YOUR INSTRUCTIONS:
Within the entries below, output exactly the lines between the line containing "Geocachen er et" and the line containing "SOL'S WILSON WOMEN, LEICHTE", inclusive, and omit any picture.

DATA TO USE:
****************************************

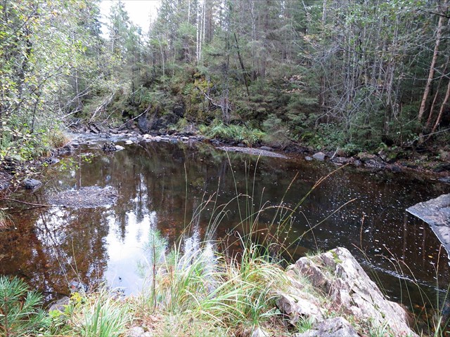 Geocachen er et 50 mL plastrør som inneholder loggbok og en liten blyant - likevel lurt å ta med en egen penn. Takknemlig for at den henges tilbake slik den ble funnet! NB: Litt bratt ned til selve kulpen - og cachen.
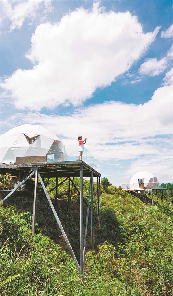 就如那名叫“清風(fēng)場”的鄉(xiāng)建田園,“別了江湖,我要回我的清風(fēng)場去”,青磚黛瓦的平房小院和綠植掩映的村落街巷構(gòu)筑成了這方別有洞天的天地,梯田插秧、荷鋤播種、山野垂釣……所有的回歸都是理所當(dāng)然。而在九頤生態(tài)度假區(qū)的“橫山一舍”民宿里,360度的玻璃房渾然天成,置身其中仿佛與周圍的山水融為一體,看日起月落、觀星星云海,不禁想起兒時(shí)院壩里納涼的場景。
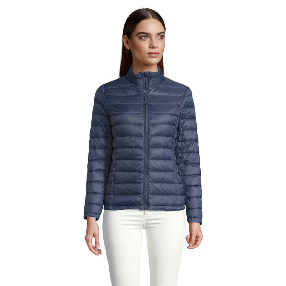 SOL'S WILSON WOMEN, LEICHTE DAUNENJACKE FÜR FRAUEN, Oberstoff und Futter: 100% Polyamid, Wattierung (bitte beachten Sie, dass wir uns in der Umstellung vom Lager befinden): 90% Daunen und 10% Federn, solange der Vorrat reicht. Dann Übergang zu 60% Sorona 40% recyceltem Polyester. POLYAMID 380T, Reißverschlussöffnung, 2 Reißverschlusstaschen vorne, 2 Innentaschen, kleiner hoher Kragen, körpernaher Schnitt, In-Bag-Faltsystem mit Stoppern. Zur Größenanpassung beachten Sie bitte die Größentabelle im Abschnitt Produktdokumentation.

****************************************

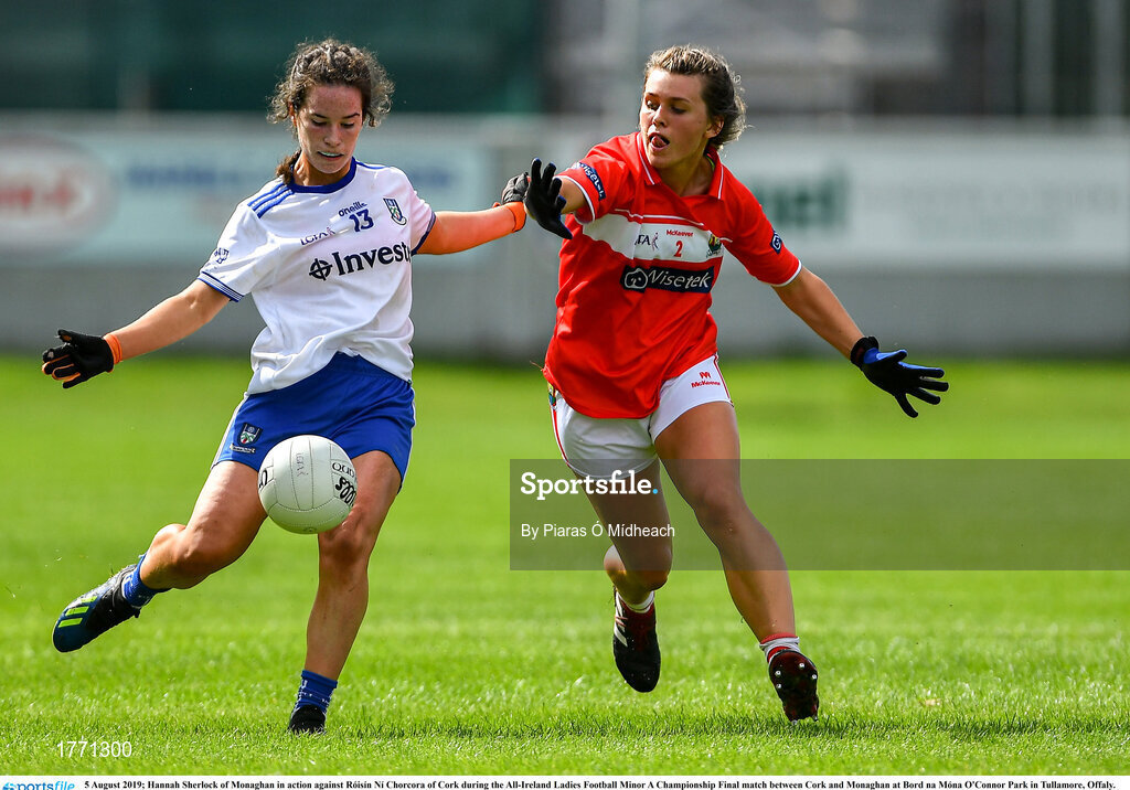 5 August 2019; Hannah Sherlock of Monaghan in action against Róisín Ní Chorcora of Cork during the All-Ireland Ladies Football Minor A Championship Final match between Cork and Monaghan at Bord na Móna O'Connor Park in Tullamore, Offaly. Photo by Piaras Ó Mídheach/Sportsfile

****************************************

RESULT OF THE TASK:
 Geocachen er et 50 mL plastrør som inneholder loggbok og en liten blyant - likevel lurt å ta med en egen penn. Takknemlig for at den henges tilbake slik den ble funnet! NB: Litt bratt ned til selve kulpen - og cachen.
 就如那名叫“清風(fēng)場”的鄉(xiāng)建田園,“別了江湖,我要回我的清風(fēng)場去”,青磚黛瓦的平房小院和綠植掩映的村落街巷構(gòu)筑成了這方別有洞天的天地,梯田插秧、荷鋤播種、山野垂釣……所有的回歸都是理所當(dāng)然。而在九頤生態(tài)度假區(qū)的“橫山一舍”民宿里,360度的玻璃房渾然天成,置身其中仿佛與周圍的山水融為一體,看日起月落、觀星星云海,不禁想起兒時(shí)院壩里納涼的場景。
 SOL'S WILSON WOMEN, LEICHTE DAUNENJACKE FÜR FRAUEN, Oberstoff und Futter: 100% Polyamid, Wattierung (bitte beachten Sie, dass wir uns in der Umstellung vom Lager befinden): 90% Daunen und 10% Federn, solange der Vorrat reicht. Dann Übergang zu 60% Sorona 40% recyceltem Polyester. POLYAMID 380T, Reißverschlussöffnung, 2 Reißverschlusstaschen vorne, 2 Innentaschen, kleiner hoher Kragen, körpernaher Schnitt, In-Bag-Faltsystem mit Stoppern. Zur Größenanpassung beachten Sie bitte die Größentabelle im Abschnitt Produktdokumentation.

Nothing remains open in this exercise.